In the listing below, the lines starting at the line with "NOW COMPLETE! Bordering" and ending at the line with "Since then, she" are to be output verbatim. Images stay out of the copy.

Information supplied section start

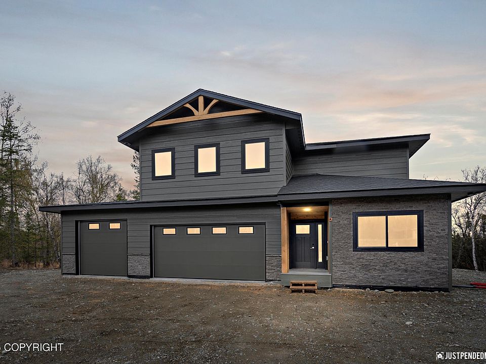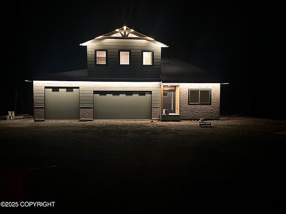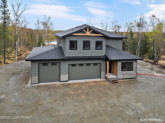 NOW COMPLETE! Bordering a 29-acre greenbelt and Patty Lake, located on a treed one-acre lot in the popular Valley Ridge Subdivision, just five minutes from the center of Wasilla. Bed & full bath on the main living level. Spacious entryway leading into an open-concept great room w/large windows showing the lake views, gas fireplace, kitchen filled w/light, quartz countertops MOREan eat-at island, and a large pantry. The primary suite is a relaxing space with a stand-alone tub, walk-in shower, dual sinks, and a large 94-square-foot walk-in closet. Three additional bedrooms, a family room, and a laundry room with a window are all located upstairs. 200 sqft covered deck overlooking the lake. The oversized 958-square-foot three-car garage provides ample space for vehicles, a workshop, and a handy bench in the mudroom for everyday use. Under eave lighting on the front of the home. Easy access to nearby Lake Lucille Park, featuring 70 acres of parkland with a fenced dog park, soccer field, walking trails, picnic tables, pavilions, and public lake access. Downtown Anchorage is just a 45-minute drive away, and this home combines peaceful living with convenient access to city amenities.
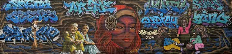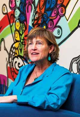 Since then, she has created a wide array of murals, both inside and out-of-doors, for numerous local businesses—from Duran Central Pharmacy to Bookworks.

Information supplied section end
Information supplied section start

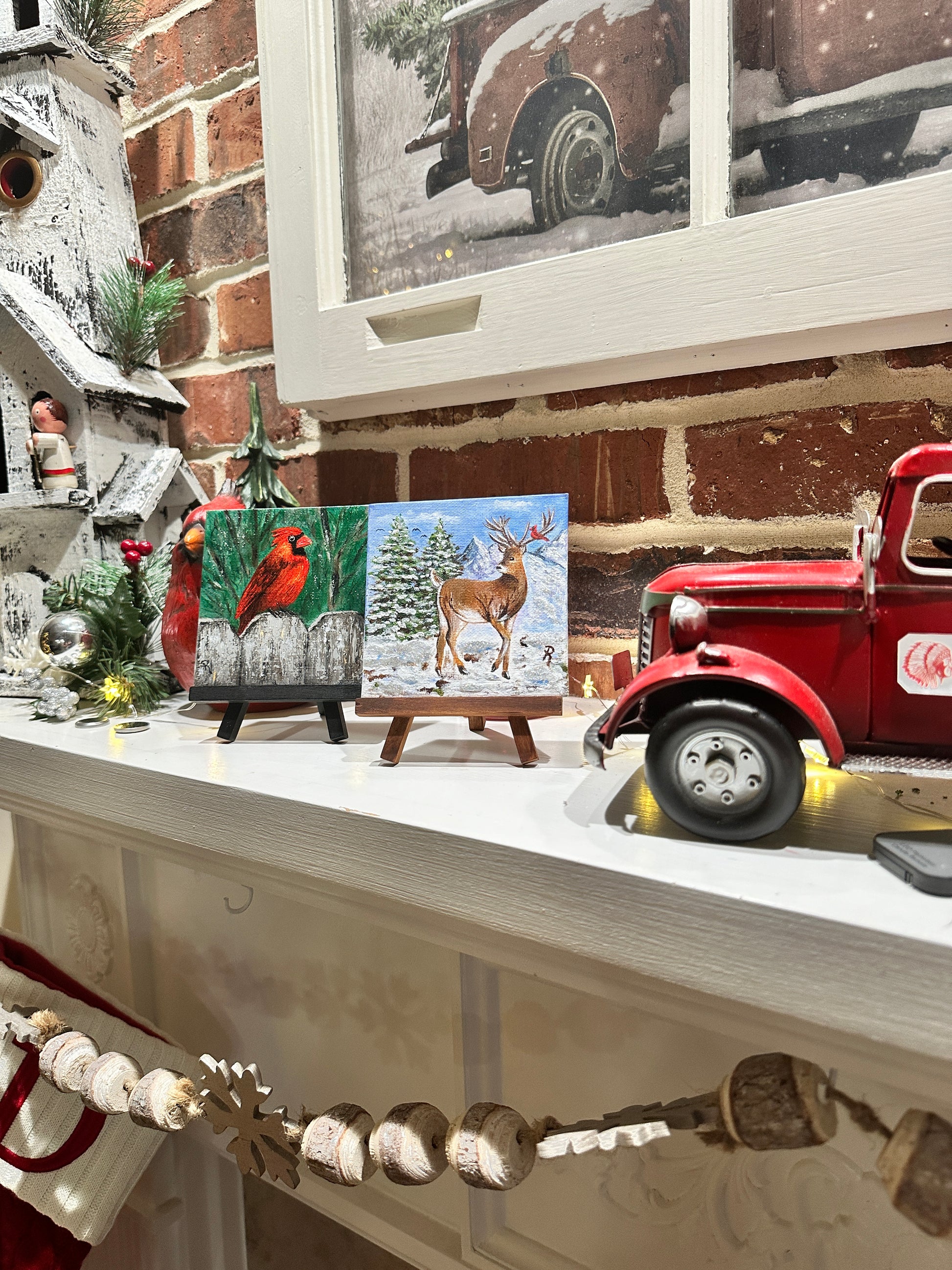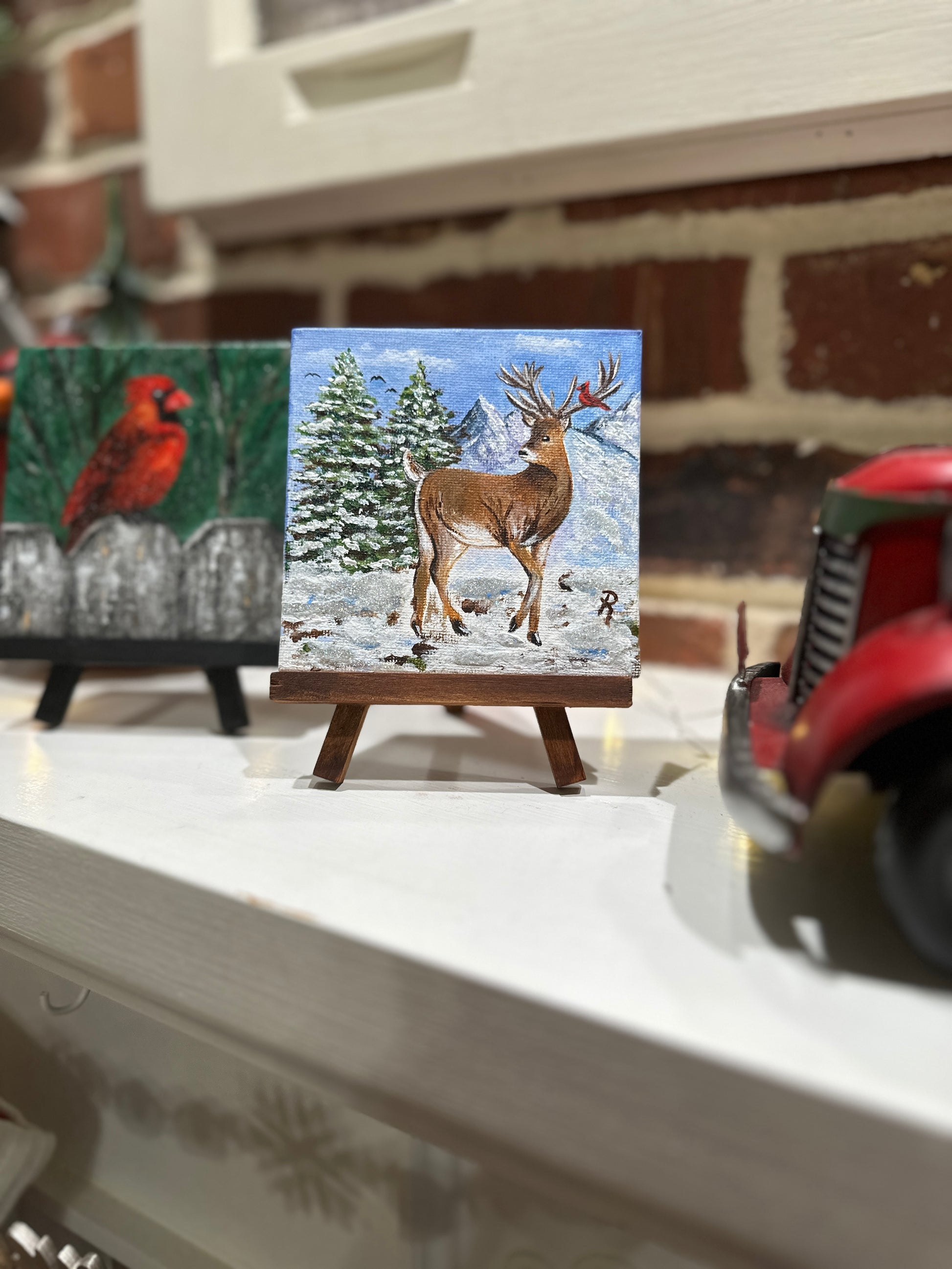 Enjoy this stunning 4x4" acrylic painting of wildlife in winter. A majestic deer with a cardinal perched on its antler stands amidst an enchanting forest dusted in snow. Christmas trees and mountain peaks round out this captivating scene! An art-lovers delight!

Information supplied section end

» **The completed task**:
 NOW COMPLETE! Bordering a 29-acre greenbelt and Patty Lake, located on a treed one-acre lot in the popular Valley Ridge Subdivision, just five minutes from the center of Wasilla. Bed & full bath on the main living level. Spacious entryway leading into an open-concept great room w/large windows showing the lake views, gas fireplace, kitchen filled w/light, quartz countertops MOREan eat-at island, and a large pantry. The primary suite is a relaxing space with a stand-alone tub, walk-in shower, dual sinks, and a large 94-square-foot walk-in closet. Three additional bedrooms, a family room, and a laundry room with a window are all located upstairs. 200 sqft covered deck overlooking the lake. The oversized 958-square-foot three-car garage provides ample space for vehicles, a workshop, and a handy bench in the mudroom for everyday use. Under eave lighting on the front of the home. Easy access to nearby Lake Lucille Park, featuring 70 acres of parkland with a fenced dog park, soccer field, walking trails, picnic tables, pavilions, and public lake access. Downtown Anchorage is just a 45-minute drive away, and this home combines peaceful living with convenient access to city amenities.
 Since then, she has created a wide array of murals, both inside and out-of-doors, for numerous local businesses—from Duran Central Pharmacy to Bookworks.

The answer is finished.